### [Instructions to follow]
Whenever a picture appears, leave it out while repeating all the other data exactly.

───── Data under study

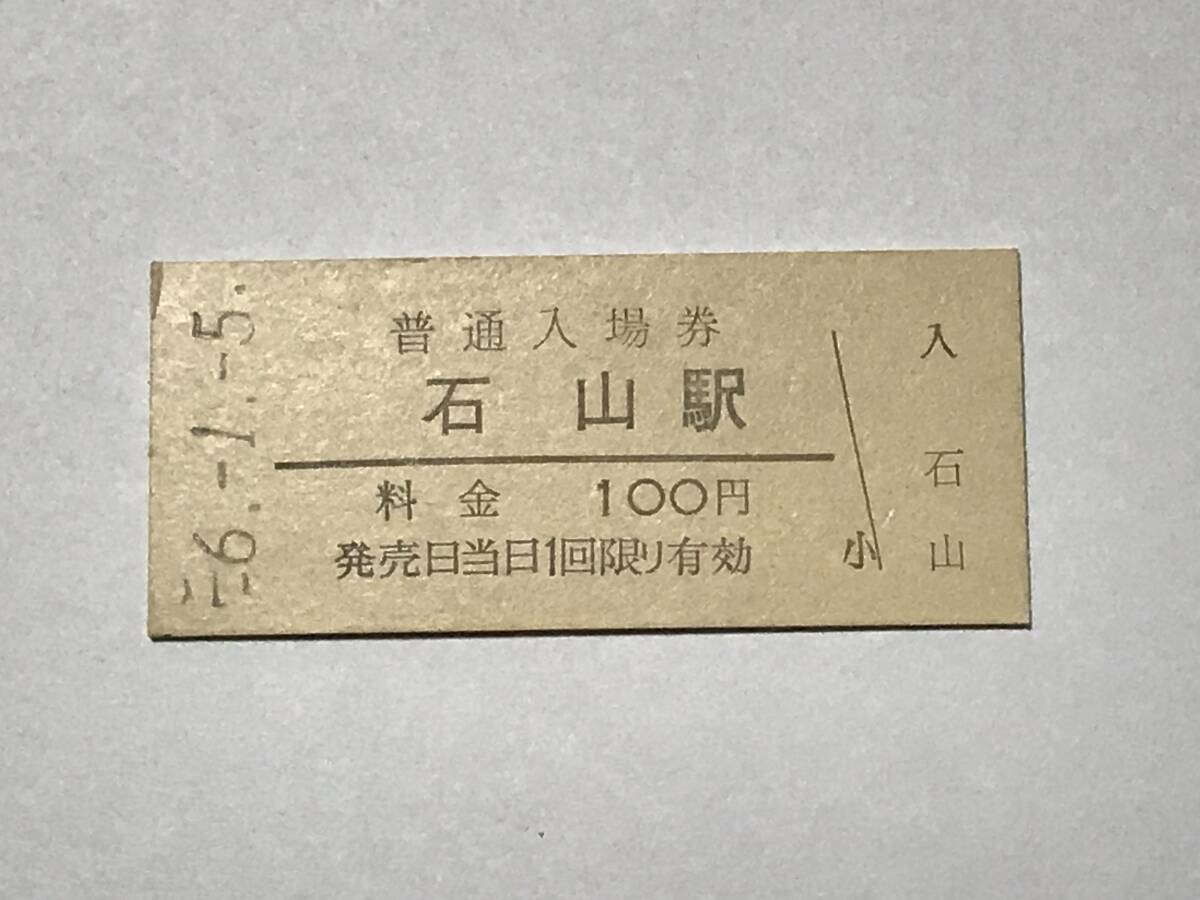 - 昔の切符 きっぷ 硬券 石山駅 普通入場券 100円 サイズ:約2.5×約5.8㎝ S56 HF5182 くるり 岸田繁
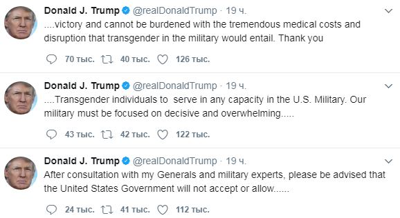 Теперь он заявил: трансгендеры не имеют права служить в американской армии. ««Наши военные должны сосредоточиться на решительной и ошеломительной победе,они не должны быть обременены огромными затратами на медицину и сбоями, вызванными службой трансгендеров в армии. Спасибо», — написал Трамп.
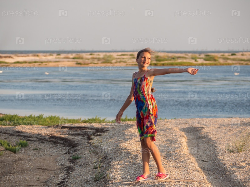 Девочка-подросток развлекается на диком пляже из ракушек у моря. Девушка на берегу морского лимана с поднятыми руками в ярком летнем платье. Отдых в Национальном заповеднике дикой природы
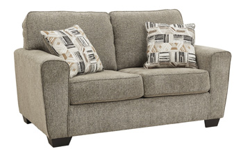 For seating that feels as good as it looks, the choice is clear. This loveseat has a neutral mocha hue that blends effortlessly with any room decor and color scheme. Its soft textured chenille fabric with chevron effect beckons you to sit and relax. Wide track arms elevate the look with a touch of contemporary sensibility, enticing you to settle in and stay awhile. Caramel and black toss pillows are a designer favorite.
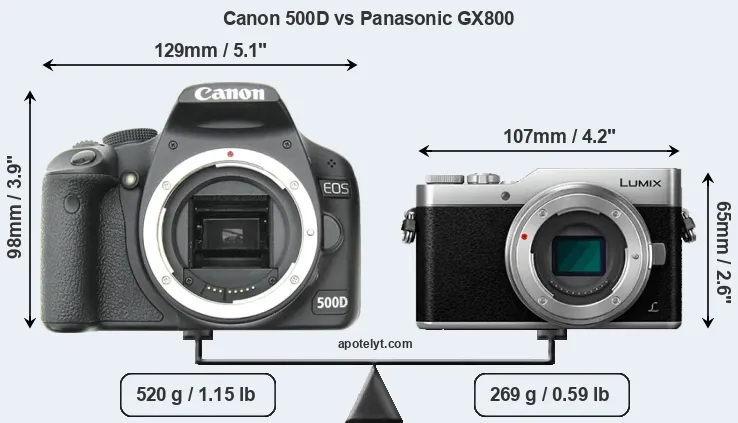 | Body Specs | Canon 500D | Panasonic GX800 |
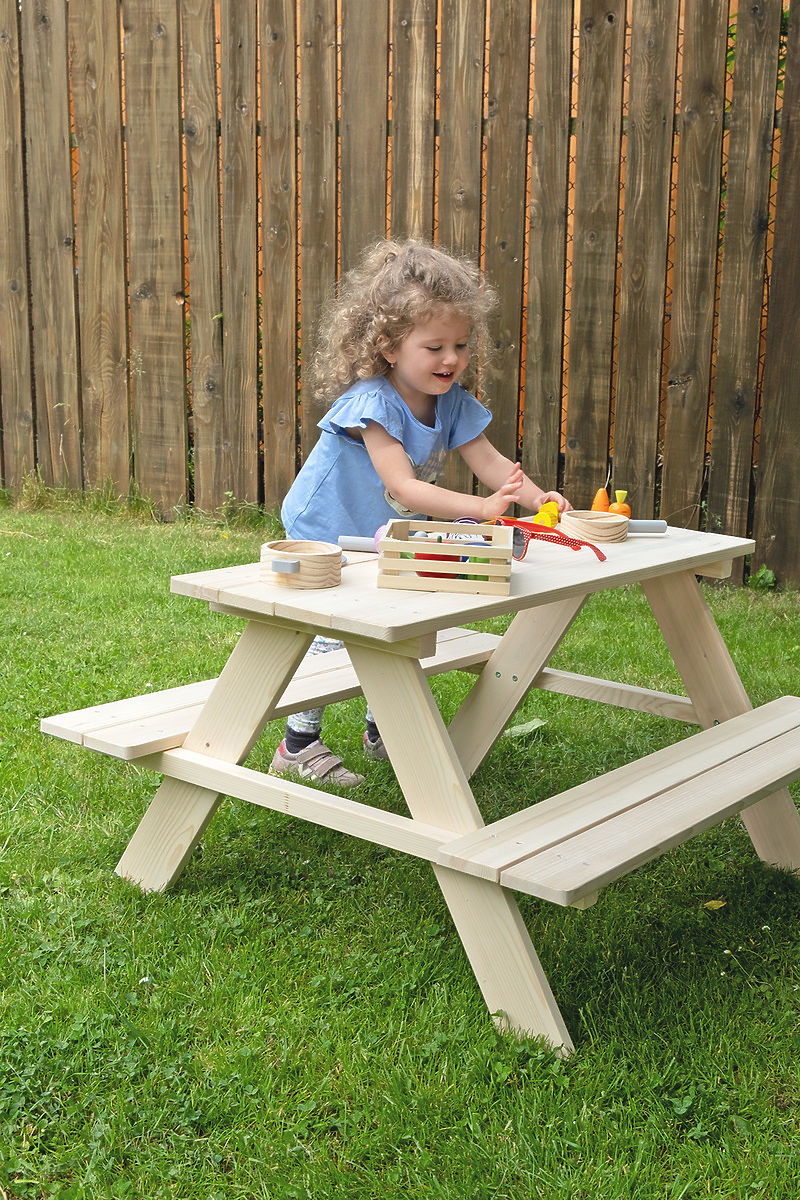 To jest mini wersja ogrodowego stołu piknikowego dla dzieci. Zestaw wykonany jest z wysokiej jakości drewna sosnowego. Ten stół piknikowy będzie niezastąpiony dla twoich dzieci w ogrodzie i zapewni im mnóstwo zabawy z przyjaciółmi.
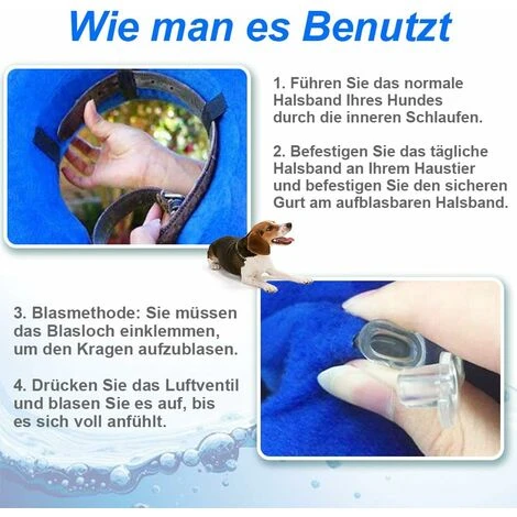 - 【PORTEZ CONFORTABLEMENT】 — Se compose d’une bague extérieure bleue et d’une bague intérieure blanche en plastique. La bague extérieure est en peluche courte et douce pour la peau et la bague intérieure en PVC a une bonne élasticité après gonflage. Votre chien ne se sentira pas réprimé ou nerveux en portant ce collier doux, chaud et confortable.
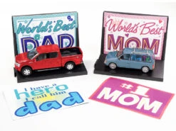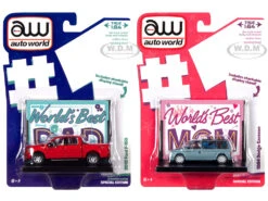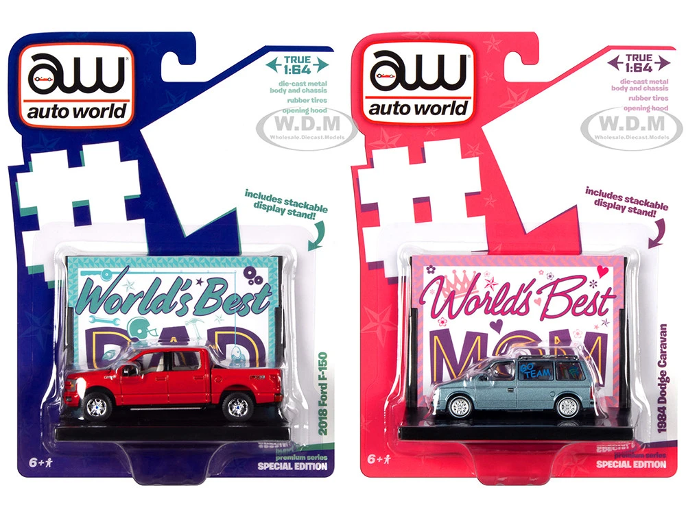 - Brand new 1/64 scale diecast car models of 2018 Ford F-150 Pickup Truck Red and 1984 Dodge Caravan Minivan Blue Metallic “World’s Best Mom and Dad” Set of 2 Pieces die cast model cars by Auto World.
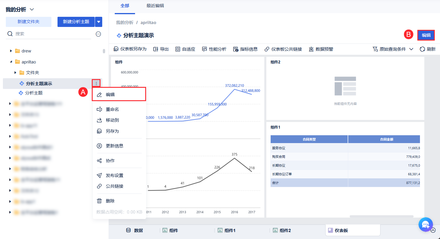 选择分析主题,点击「...>编辑」,也可以点击主题右上角的「编辑」进入编辑界面,如下图所示:

──────────

### [Reply]
 - 昔の切符 きっぷ 硬券 石山駅 普通入場券 100円 サイズ:約2.5×約5.8㎝ S56 HF5182 くるり 岸田繁
 Теперь он заявил: трансгендеры не имеют права служить в американской армии. ««Наши военные должны сосредоточиться на решительной и ошеломительной победе,они не должны быть обременены огромными затратами на медицину и сбоями, вызванными службой трансгендеров в армии. Спасибо», — написал Трамп.
 Девочка-подросток развлекается на диком пляже из ракушек у моря. Девушка на берегу морского лимана с поднятыми руками в ярком летнем платье. Отдых в Национальном заповеднике дикой природы
 For seating that feels as good as it looks, the choice is clear. This loveseat has a neutral mocha hue that blends effortlessly with any room decor and color scheme. Its soft textured chenille fabric with chevron effect beckons you to sit and relax. Wide track arms elevate the look with a touch of contemporary sensibility, enticing you to settle in and stay awhile. Caramel and black toss pillows are a designer favorite.
 | Body Specs | Canon 500D | Panasonic GX800 |
 To jest mini wersja ogrodowego stołu piknikowego dla dzieci. Zestaw wykonany jest z wysokiej jakości drewna sosnowego. Ten stół piknikowy będzie niezastąpiony dla twoich dzieci w ogrodzie i zapewni im mnóstwo zabawy z przyjaciółmi.
 - 【PORTEZ CONFORTABLEMENT】 — Se compose d’une bague extérieure bleue et d’une bague intérieure blanche en plastique. La bague extérieure est en peluche courte et douce pour la peau et la bague intérieure en PVC a une bonne élasticité après gonflage. Votre chien ne se sentira pas réprimé ou nerveux en portant ce collier doux, chaud et confortable.
 - Brand new 1/64 scale diecast car models of 2018 Ford F-150 Pickup Truck Red and 1984 Dodge Caravan Minivan Blue Metallic “World’s Best Mom and Dad” Set of 2 Pieces die cast model cars by Auto World.
 选择分析主题,点击「...>编辑」,也可以点击主题右上角的「编辑」进入编辑界面,如下图所示:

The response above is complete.